My glory is in knowing God. As I have considered and mediated upon this passage over the past year, the Lord has taught me so much! In reading His Word, more and more verses jump out that reinforce and develop this truth. I am amazed and humbled that God has given to man the glory of actually, truly, knowing Him! He desires that we seek AND find Him! And in heaven one day, we will see Him as He is (1 John 3:2), with no imperfections in our understanding (1 Cor 13:12) – we will clearly behold His beauty (Psalm 27:4). This is eternal life (John 17:3). And God, in mercy and love for us, has given us a foretaste of eternity here and now… in knowing Him as our God. Weak vessels though we be, “the light of the knowledge of the glory of God” shines within us (2 Corinthians 4:6-7)!
He has shown me how this deep understanding in my heart instructs how I live my life. Most obvious and basic is how it directs the use of God’s gifts to me – time, energy, my hands and feet, eyes and mouth and ears… and relationships. I’ve always thought that the great pursuit of the human heart is to know and be known, and this confirms that thought and also elevates it! It’s not just a human pursuit, it’s the pursuit God has placed in man’s heart from the beginning of time, meant to be perfectly fulfilled in knowing Him! This transforms relationships with others – after all, those relationships (to know and be known) are a working out of that desire within us.
To know God, and I mean truly know Him for who He is – in all that he is! – is to have confidence. “I will love thee, O Lord, my strength. The Lord is my rock, and my fortress, and my deliverer; my God, my strength, in whom I will trust; my buckler, and the horn of my salvation, and my high tower.” (Psalm 18:1-2) All the names and attributes of God, when deeply considered and used in prayer, imbue the heart with awe and trust and hope! How can I doubt His will or ways when I know Him like this?!
“…for I know whom I have believed, and am persuaded that he is able…” (2 Timothy 1:12)
A dear friend expressed to me that sometimes she has to remind herself that He IS the Lord, the Creator and Ruler of men, and that she prefers to think of Him as a comforting friend. I didn’t know how to say it at the time, but I wanted to tell her that knowing God in that Sovereign role doesn’t have to take away any shred of her comfort, rather it can add confidence to it! He IS Creator – He lovingly and purposely formed each of us in our mother’s wombs. He IS Ruler – He directs the affairs of men to His perfect glory and our ultimate good. By Him all things consist! (Colossians 1:16-18)
Tears sting my eyes when I think of this great privilege of knowing the eternal God. He created us for this! He made us in His image with this in mind – that we might have communion with Him! Gratefulness. Love. Those two words carry the fulness of my heart in them.

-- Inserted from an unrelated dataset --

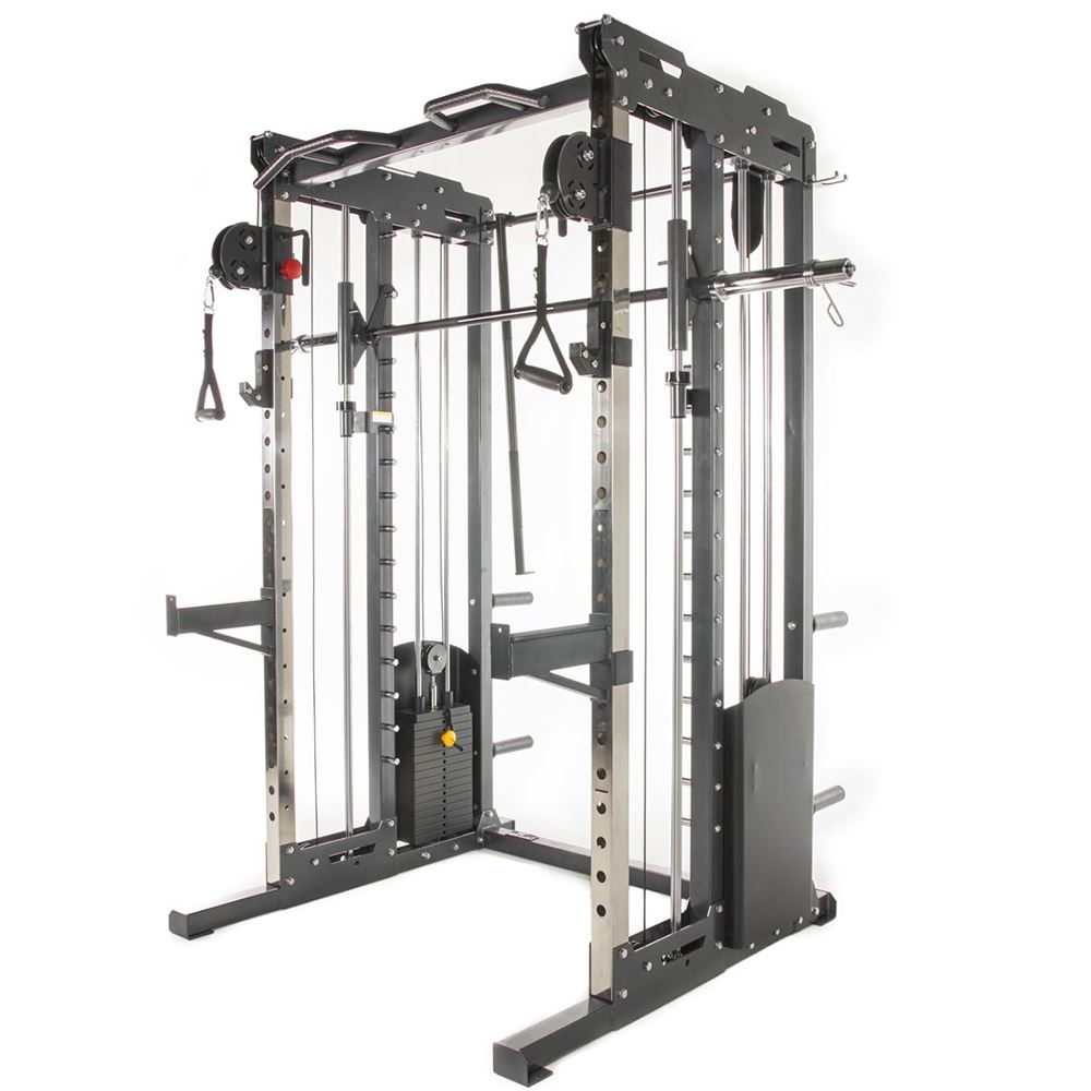 DAP / Smith / Rack – Combo är både robust och snygg, den är perfekt för hemma gymmet. Välj enkelt vilken vikt som passar dig bäst med viktmagasinen. Viktmagasinens kapacitet ligger på 80 kg och varje platta väger 5kg. Kvalitet: Semi-Kommersiell Vikt: ca 300 kg Bredd: 200 cm Höjd: 217 cm Längd: 135 cm Trissorna är ställbara och har 21 olika positioner med 25mm hål för tillbehör. På toppen finns ett chinsräcke för Pull/chins ups. DAP har 16st olika hödjlägen med 10cm i distans mellan varje. Maxbelasting för smithmaskinens skivstång: 300kg Funktioner 2st spotterarms 2st enkelgrepp 2st jpegs 2st chinsräcken 1st smithmaskin 4st vikskivsförvaring som är 20cm 1st skivstångsförvaring 1st fotmanschetter

They overflow in my tears and burst joyously into a desire for more of Him in my life. I would say with David, “one thing have I desired of the Lord, that will I seek after; that I may dwell in the house of the Lord all the days of my life, to behold the beauty of the Lord, and to enquire in His temple.” (Psalm 27:4) As this one thing… this spiritual desire… consumes me, self seems less interesting. My fleshly desires grow pale and less satisfactory. The urgency of the world even becomes laughable. Don’t get me wrong – there are weak moments, moments when the Lord’s nearness isn’t discernible to my harried soul. But as soon as I return my eyes to Christ, I see Him and know Him. The anthem doesn’t end, and the song only gains in momentum for each of these victories.